[Entries taken from a collection]
• • • • •

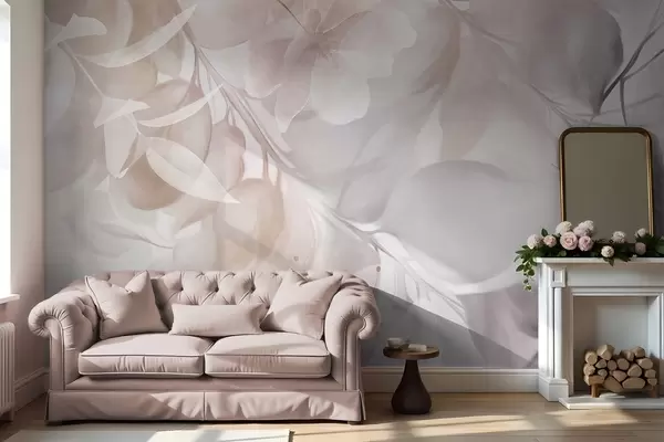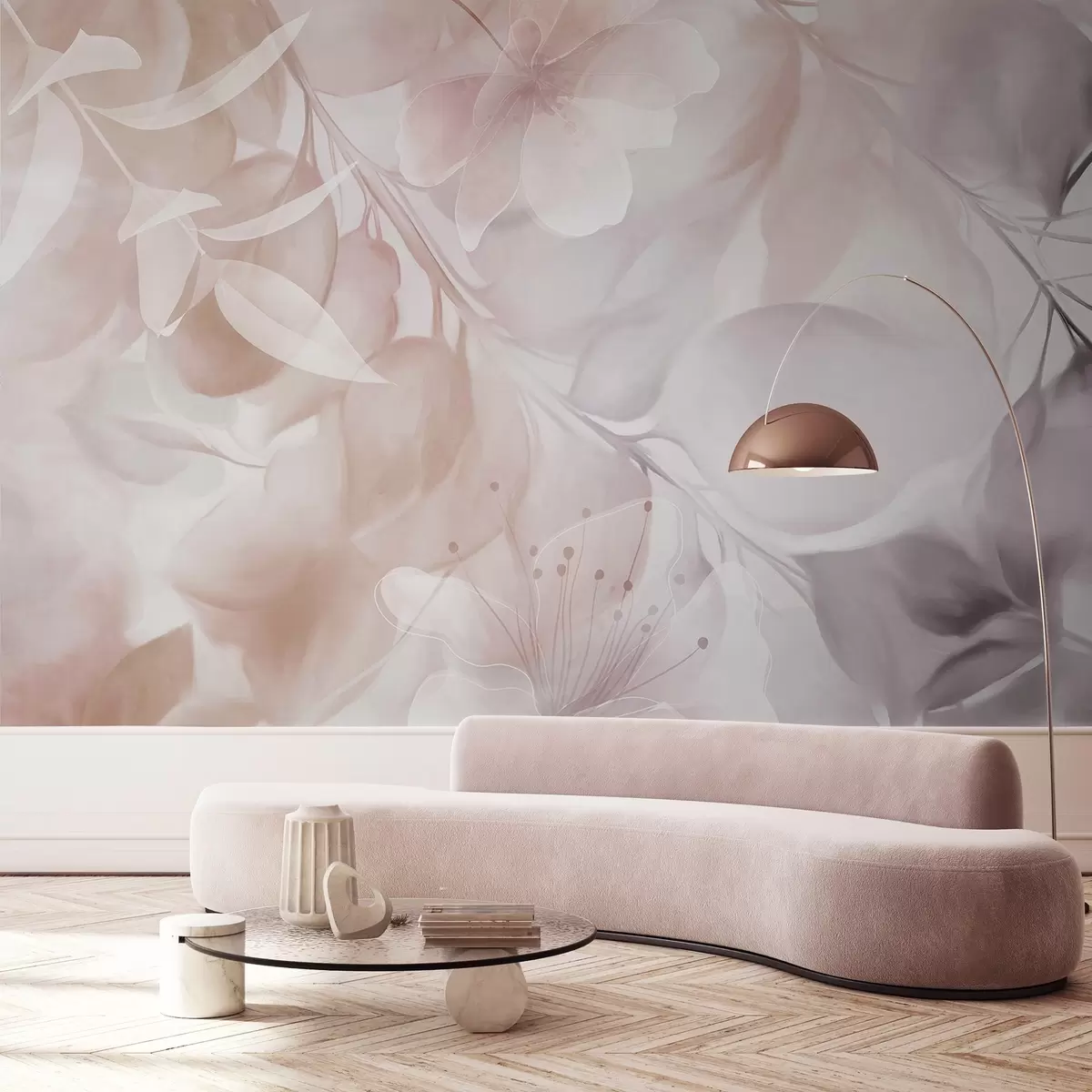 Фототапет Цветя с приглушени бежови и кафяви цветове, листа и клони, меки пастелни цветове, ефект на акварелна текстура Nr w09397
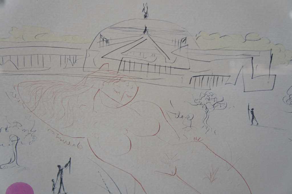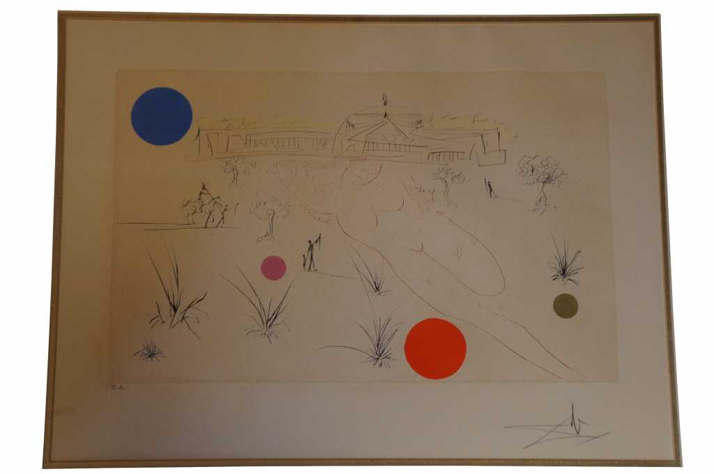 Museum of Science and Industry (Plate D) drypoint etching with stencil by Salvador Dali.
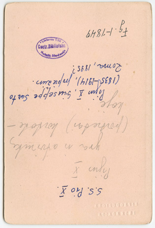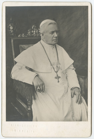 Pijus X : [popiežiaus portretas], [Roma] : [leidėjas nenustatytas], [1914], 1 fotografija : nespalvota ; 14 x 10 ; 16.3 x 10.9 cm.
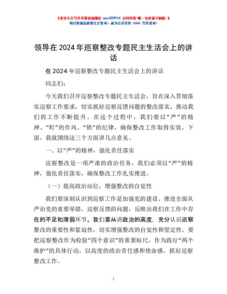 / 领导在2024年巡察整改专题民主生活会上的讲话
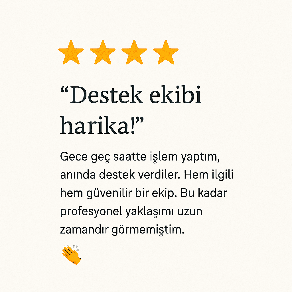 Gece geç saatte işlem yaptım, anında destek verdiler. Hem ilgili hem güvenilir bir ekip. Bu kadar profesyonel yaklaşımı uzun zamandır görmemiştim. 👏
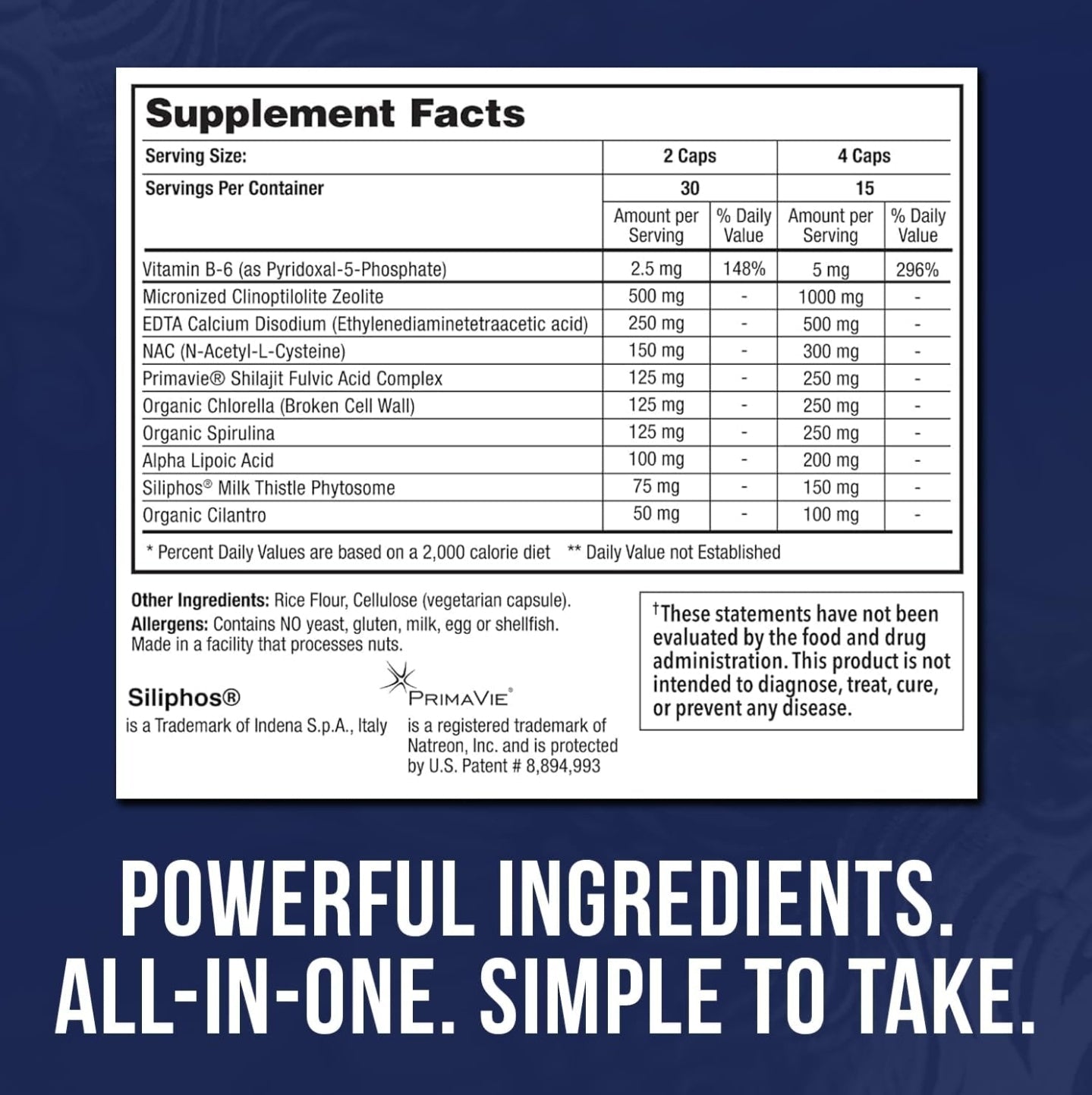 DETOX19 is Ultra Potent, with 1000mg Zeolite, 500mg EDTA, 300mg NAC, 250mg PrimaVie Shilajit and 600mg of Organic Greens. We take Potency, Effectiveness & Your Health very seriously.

• • • • •

— PROBLEM TO SOLVE —
Would you output the data exactly, without any of its images?

— EXERCISE ANSWER —
 Фототапет Цветя с приглушени бежови и кафяви цветове, листа и клони, меки пастелни цветове, ефект на акварелна текстура Nr w09397
 Museum of Science and Industry (Plate D) drypoint etching with stencil by Salvador Dali.
 Pijus X : [popiežiaus portretas], [Roma] : [leidėjas nenustatytas], [1914], 1 fotografija : nespalvota ; 14 x 10 ; 16.3 x 10.9 cm.
 / 领导在2024年巡察整改专题民主生活会上的讲话
 Gece geç saatte işlem yaptım, anında destek verdiler. Hem ilgili hem güvenilir bir ekip. Bu kadar profesyonel yaklaşımı uzun zamandır görmemiştim. 👏
 DETOX19 is Ultra Potent, with 1000mg Zeolite, 500mg EDTA, 300mg NAC, 250mg PrimaVie Shilajit and 600mg of Organic Greens. We take Potency, Effectiveness & Your Health very seriously.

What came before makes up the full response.